That is how I feel about "heart running" and "head running". Perhaps I am just rationalizing my way into making myself a heart runner. Perhaps I have tried too hard to put boundaries around this topic in an effort to answer the questions. The beauty of the conversation is that I think it really mirrors how we approach life. Life is such an amazing journey. But it is a journey without guarantees. The best way to ensure success is to learn to enjoy the ride and all the unique aspects that make it your own.

Sunday, November 20, 2011

Weekly Training Wrap - 11/14 – 11/20

This was technically my first taper week. But, other than no midweek MLR, it was still a pretty darn tough week of running.
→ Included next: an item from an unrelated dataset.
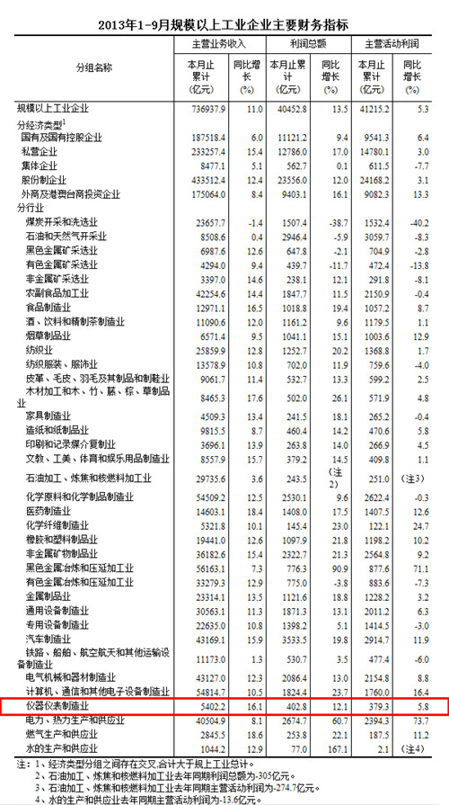 近日,國家統計局公布了“1-9月份全國規模以上工業企業主營活動利潤”數據。1-9月,儀器儀表制造業主營業務收入5402.2億元,同比增長16.1%,在41個行業中,增長率占據前位。實現利潤總額402.8億元,同比增長12.1億元。主營活動利潤379.3億元,同比增長5.8%。

It is hard to express how satisfied I am with the week. Sunday's repeats were particularly satisfactory. Observing my HR and recovery capabilities, I am supremely confident that I have finally located my lactate threshold. Now I need to stay healthy and go make it happen!

Day Miles Notes
Monday Rest
Tuesday 8 5 x 600m intervals (6:13 average pace)
Wednesday 6 Easy pace
Thursday 4 Easy pace
Friday Rest
Saturday 16 Easy/LSD pace
Sunday 12 2 x 4 mile repeats at HMP (7:03 average)
Total 46 About 2400 vertical feet gained

Wednesday, November 16, 2011

Fueling the Runner

Fueling a runner is broken down into two parts:  how much you should eat and what you should eat.  In this first post I will discuss how much to eat and how to determine the right amount for you.  Most of you that know me -- or anyone that has read my story -- know that I have lost more than 65 pounds in the past decade. The majority of that weight loss came in the last two and a half years (40 or 50 pounds of it). Ultimately it took me realizing that eating was the way to weight loss before I could make it happen. Now I am trying to understand how to create a maintenance plan that keeps me feeling energized and fueled for big miles without gaining weight.
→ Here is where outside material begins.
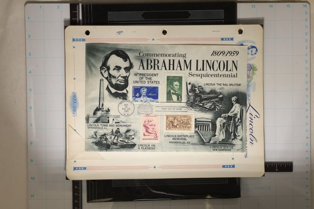 SHEET ONE HAS 3 STAMPS (3, 3 & 4 CENT) UNCANCELLED, SHEET 2 HAS 10 CANCELLED FOREIGN STAMPS WITH LINCOLN AND ON THE BACK HAS 8 MORE FOREIGN CANCELLED STAMPS, SHEET 3 HAS 6 -FOUR CENT CANCELLED STAMPS, SHEET 4 HAS TWO

Let me begin by laying out some truths, things that took my years to learn and accept. People that don't want to hear the truth about weight loss attribute my story to being a "crazy runner" that logs "sick miles". They don't want to hear that I gained weight during training for my first marathon. Like most people, I viewed the calories I burned as a license to eat more. That mentality is the primary reason that running is not a great way to lose weight. In fact, exercise in general is not the way to lose weight. An hour of exercise is generally less than 1,000 calories for even the most rigorous workouts. One extra helping of dessert or one more cheeseburger can erase that hard work in minutes. What's worse, most people work out for closer to thirty minutes of minimally rigorous exercise -- burning maybe 300 or 400 calories -- and then reward themselves with extra food. They unintentionally create a bigger imbalance between their calorie intake and expenditure. It only takes 100 extra calories a day to gain 10 pounds in one year.  That is less than one soda or one cookie or just a handful of chips to gain 10 pounds! Exercise is great for a weight maintenance plan, but it is lousy as a weight loss plan. I suggest to readers that you view exercise as a motivation to eat less. Don't waste your hard work!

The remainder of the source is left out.